2. General Partnership
When two or more people come
together to share their business, responsibilities, and profits a general partnership is formed. This results
in many advantages such as more resources, knowledge sharing, more private
funding, and so on. In a general partnership responsibilities and liabilities
are usually split equally amongst each member.
A General Partnership business is
more beneficial in comparison to a Sole Proprietorship business in terms of
team efforts, commitment, and division of risk.
3. Limited Liability Partnership (LLP)
A Limited Liability Partnership,
or LLP, is a sub-type general partnership. Normally accountants, lawyers, consultants, and architects form LLPs. In this type of partnership, there are two types of
partners General Partner and the Limited Partner. The General Partner is
usually involved in everyday business decisions and has personal liability
for the business. The Limited Partner (typically an investor) is involved in
the company’s day-to-day management. The Limited Partner is not liable for
debts and his/her liability is limited to the amount invested. A Limited
Partner doesn’t partake in regular business management of the LLC. The preconditions
for forming this type of business structure are- 1) the existence of an official
business name, 2) obtaining required business licenses 3) registration of the
business in the State in which it is operated, which will provide additional
protection.
4. Company
A company is a corporation formed
by a group of persons. A company is an “Artificial Person” created under the law
and exists independently. It is distinct from its owners, managers, and
employees. The persons who come together to form the Company are shareholders
who contribute to the stock in the Company.
A company can be a Private
Limited Company, or a Public Limited Company based on the ownership structure,
number of members, rules, and regulations for operating, etc.
Accordingly depending upon the above
classification, a particular company may need to comply with various rules and
regulations as applicable to it.
5. Limited Liability Company (LLC)
This is a
mixture of partnership and corporation and is a popular organizational
structure amongst new start-ups. Here the members are referred to as “Owners”
instead of “shareholders” as in a corporation.
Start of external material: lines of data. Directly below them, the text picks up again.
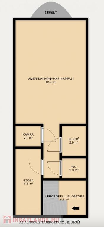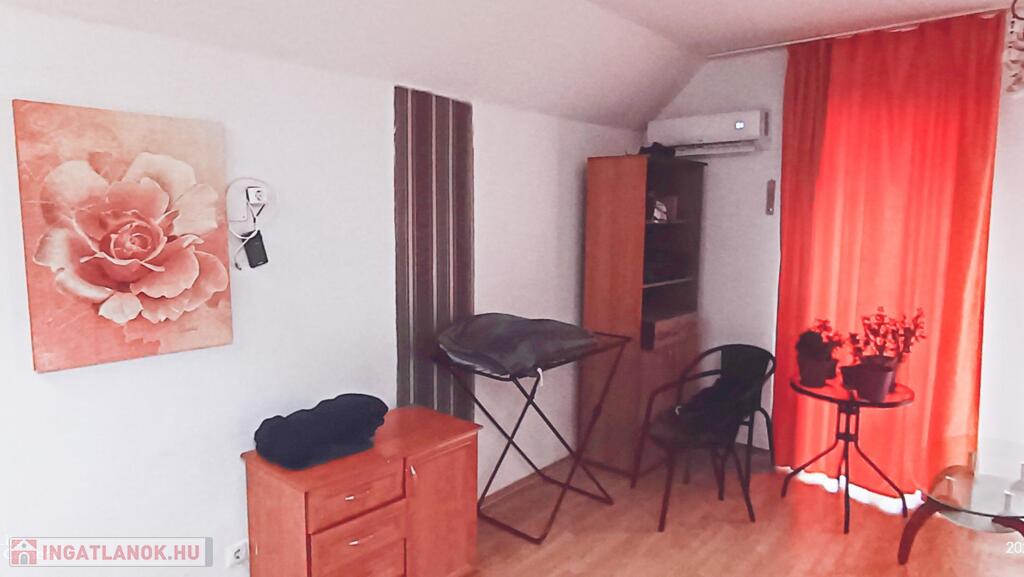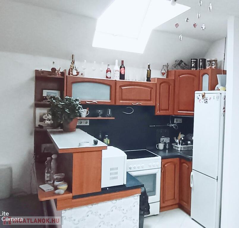Tetőtéri lakrész: Amerikai konyhás nappali, 1 hálószoba, sarokkádas fürdőszoba, külön WC, tárolóhelyiség
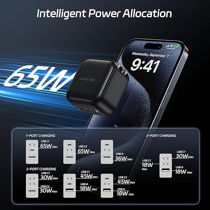 - Multi-Ports Universal Charger Adapter: Power is effectively distributed among the three ports, charge 3 devices at the same time. LULULOOK USB C Fast Charger Brick has three ports together Max 66W output (USB-C 1 30W, USB C 2 18W USB-A 18W), 3 ports single output (USB-C 1 65W Max, USB-C 2 65W Max, USB-A 36W Max), and 2 ports output (USB-C 1 30W Max + USB-C 2 30W Max, USB-C 1 45W Max + USB-A 18W Max, USB-C 2 45W Max + USB-A 18W Max);
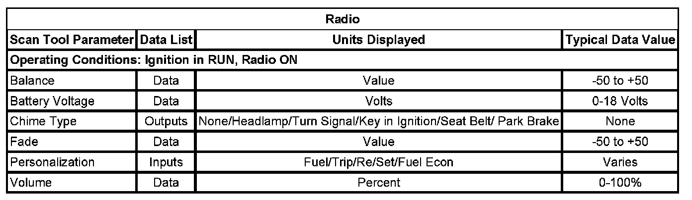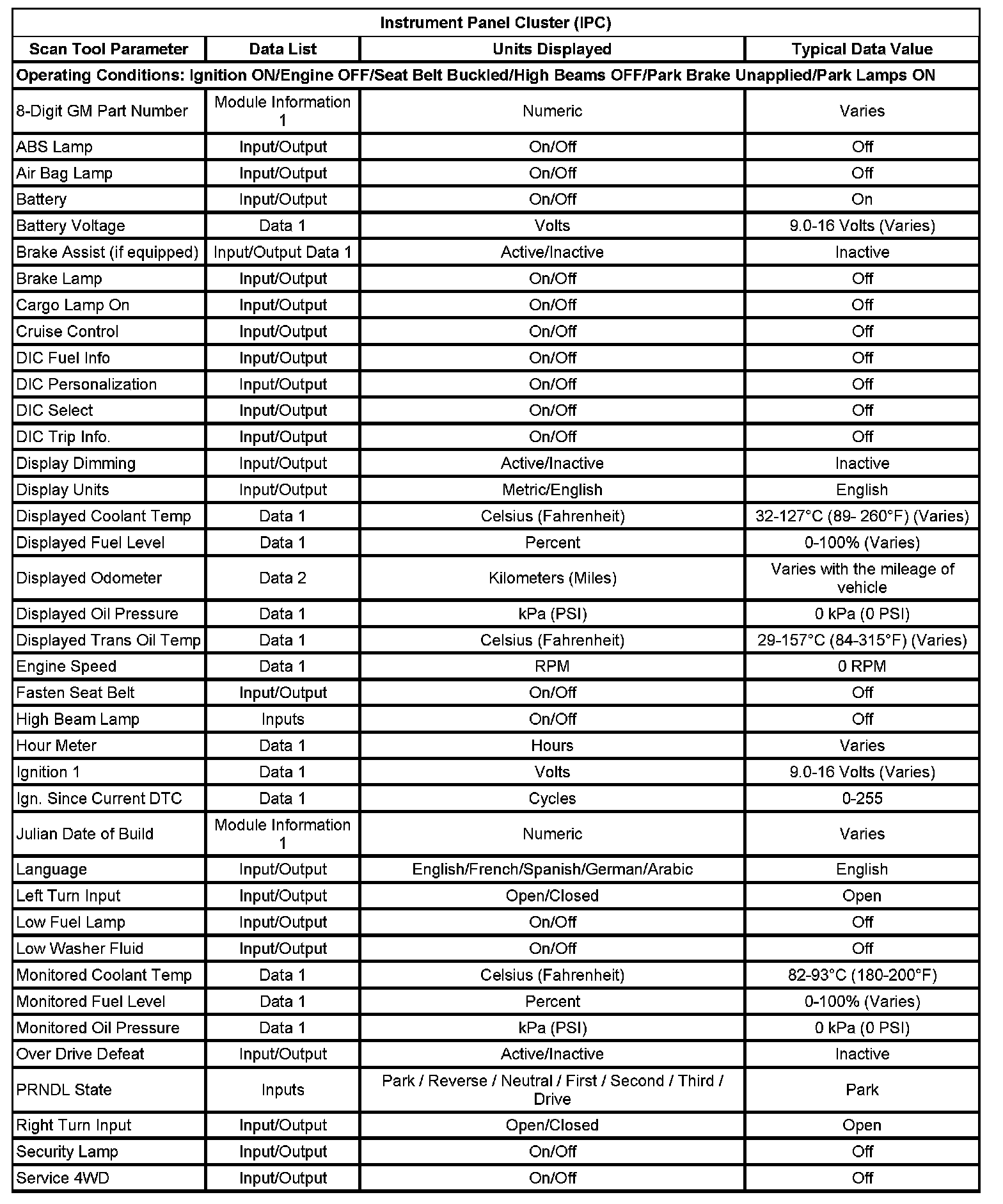 The typical data values are obtained from a properly operating vehicle under the conditions specified in the first row of the scan tool data list table. Comparison of the parameter values from the suspect vehicle with the typical data values may reveal the source of the customer concern.

A “Managing Member” is selected
from amongst the members, based on requirements, to look after the day-to-day
activities of the organization. Here
members are personally accountable for the organization.
LLC members are not personally liable for business
decisions or actions of the company in question, and there's far less paperwork
involved in creating an LLC as compared to a corporation. LLCs are most common amongst
online businesses since they allow small groups of people to easily form a
company together.
6. Non-profit Organization
These are the
organizations that are normally set up to promote educational or charitable initiatives.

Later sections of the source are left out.